Barb and Steve for Presentation cropBarbara is the daughter of Holocaust survivor Steve Adler. She assisted her father in telling his story , and after he passed away in 2019, Barbara decided to continue his legacy.

Steve was born in Berlin, Germany in 1930, the younger son in a middle-class, Jewish family. In 1937, Steve’s mother, fearing for his safety due to anti-Jewish laws, enrolled Steve in a private Jewish school. The following year, the SS and Gestapo arrested more than 30,000 Jewish males during Kristallnacht. One of them was Steve’s own father Alfred. On November 10th, 1938, he was taken to Sachsenhausen concentration camp, where he was held prisoner for six weeks before his release on December 23.

Conditions for Jews continued to deteriorate. In January 1939, the Nazi government required all Jews to carry identity cards revealing their heritage, and danger became much more immediate for the Adlers. That March, Steve’s parents sent him alone to Hamburg to join a Kindertransport (children’s transport) going to England by ship. Kindertransports were organized with British government sanction, giving refuge to approximately 10,000 Jewish children from Germany, Austria and Czechoslovakia – not their parents. Steve arrived in London knowing only one sentence in English. During the war’s intense bombings, Steve was evacuated to a small English town with his classmates.

Unlike most other Kindertransport children, Steve was reunited with both his parents. In spring of 1940, Steve’s brother Ralph and their mother Ilse met Steve in London. His father joined them in the fall, and they then traveled by ship for twelve days across the Atlantic, settling with relatives in Chicago.

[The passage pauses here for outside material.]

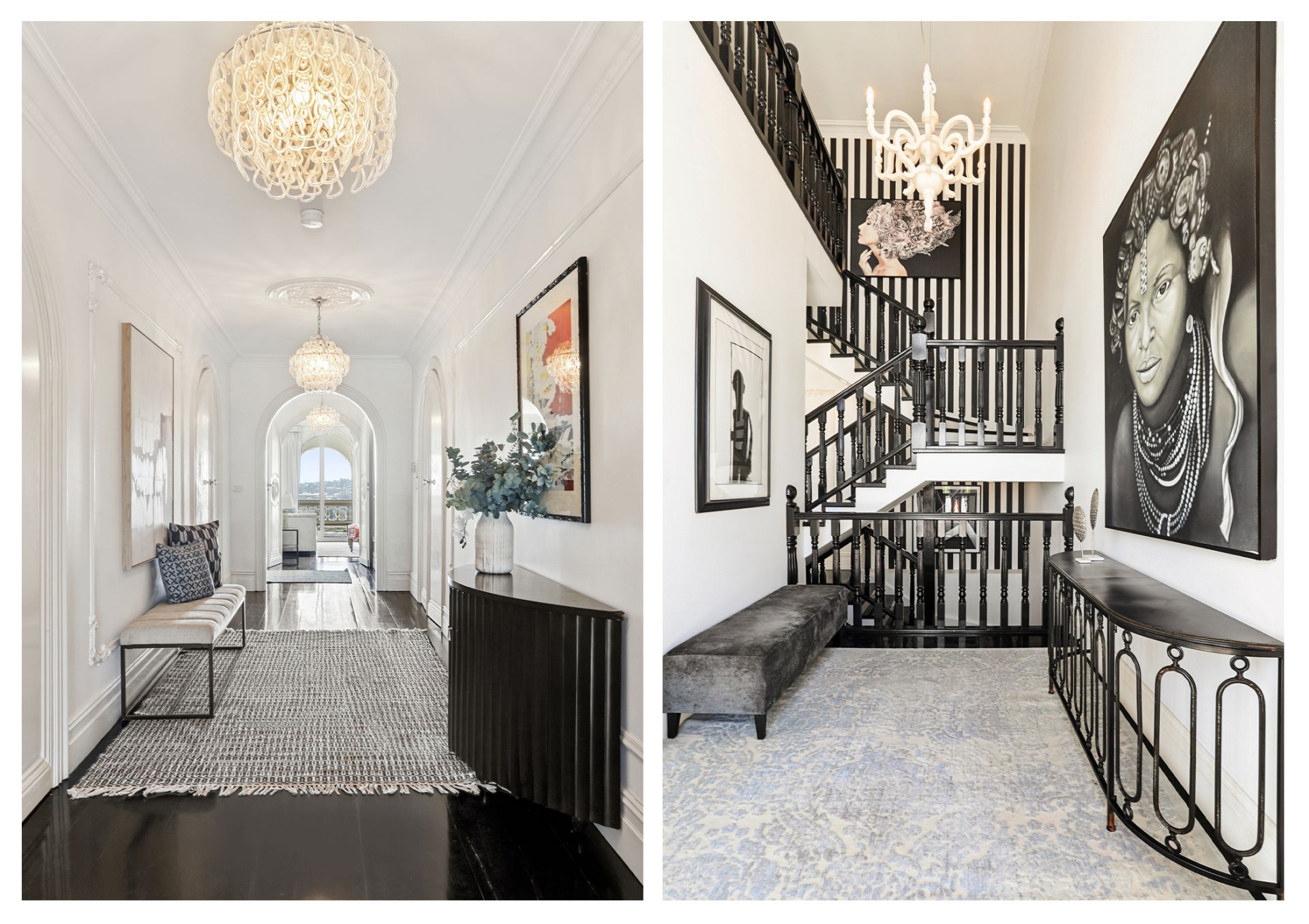 - Opulent interiors inspired by the home's theatrical design

After many years in Illinois and Connecticut, in 1999 Steve and his wife Judy, moved to Seattle to be near Barbara and her two children. Steve was an active and beloved member of Holocaust Center for Humanity Speakers Bureau for two decades.

Barbara is an attorney, a mother, and recently started a non-profit organization to help folks in need with elder law. She is also the co-author, with Steve, of a 2017 book about families and aging, “When I Need Your Help I’ll Let You Know.” Barbara is very proud to share her father’s story as a Legacy Speaker in the Center’s Speakers Bureau.